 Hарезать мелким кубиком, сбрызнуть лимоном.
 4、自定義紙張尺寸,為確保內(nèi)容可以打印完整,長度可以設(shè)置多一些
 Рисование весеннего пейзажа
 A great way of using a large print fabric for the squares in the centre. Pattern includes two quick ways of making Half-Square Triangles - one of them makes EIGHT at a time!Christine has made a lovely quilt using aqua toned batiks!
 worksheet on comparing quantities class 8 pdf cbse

◇ ◇ ◇ ◇

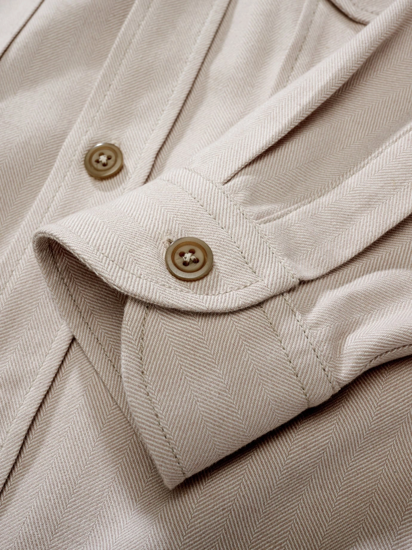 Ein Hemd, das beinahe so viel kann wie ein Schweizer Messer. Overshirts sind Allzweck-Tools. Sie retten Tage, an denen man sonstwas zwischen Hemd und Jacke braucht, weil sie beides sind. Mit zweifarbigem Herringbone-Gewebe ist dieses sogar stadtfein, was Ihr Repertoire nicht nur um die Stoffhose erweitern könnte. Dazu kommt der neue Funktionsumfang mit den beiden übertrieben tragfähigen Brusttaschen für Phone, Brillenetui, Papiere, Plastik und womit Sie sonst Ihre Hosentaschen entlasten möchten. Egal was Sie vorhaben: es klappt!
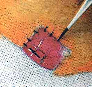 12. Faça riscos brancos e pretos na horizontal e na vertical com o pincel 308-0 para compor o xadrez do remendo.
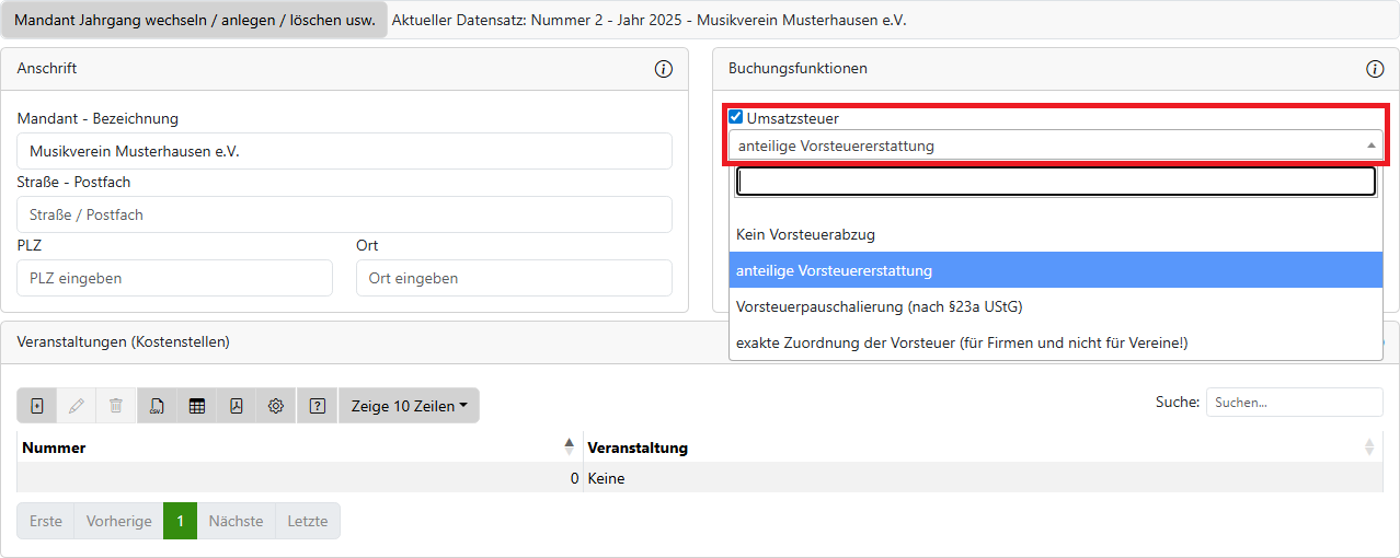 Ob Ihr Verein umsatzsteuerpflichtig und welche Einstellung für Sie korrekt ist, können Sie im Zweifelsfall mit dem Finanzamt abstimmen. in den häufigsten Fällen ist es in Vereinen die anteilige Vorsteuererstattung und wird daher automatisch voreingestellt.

◇ ◇ ◇ ◇

> **ASSIGNED TASK**
Starting at the line with "Ein Hemd, das" in the entries above, write out every line exactly until the line with "Ob Ihr Verein" has been written. Include no pictures and nothing more.

> **OUTPUT**
 Ein Hemd, das beinahe so viel kann wie ein Schweizer Messer. Overshirts sind Allzweck-Tools. Sie retten Tage, an denen man sonstwas zwischen Hemd und Jacke braucht, weil sie beides sind. Mit zweifarbigem Herringbone-Gewebe ist dieses sogar stadtfein, was Ihr Repertoire nicht nur um die Stoffhose erweitern könnte. Dazu kommt der neue Funktionsumfang mit den beiden übertrieben tragfähigen Brusttaschen für Phone, Brillenetui, Papiere, Plastik und womit Sie sonst Ihre Hosentaschen entlasten möchten. Egal was Sie vorhaben: es klappt!
 12. Faça riscos brancos e pretos na horizontal e na vertical com o pincel 308-0 para compor o xadrez do remendo.
 Ob Ihr Verein umsatzsteuerpflichtig und welche Einstellung für Sie korrekt ist, können Sie im Zweifelsfall mit dem Finanzamt abstimmen. in den häufigsten Fällen ist es in Vereinen die anteilige Vorsteuererstattung und wird daher automatisch voreingestellt.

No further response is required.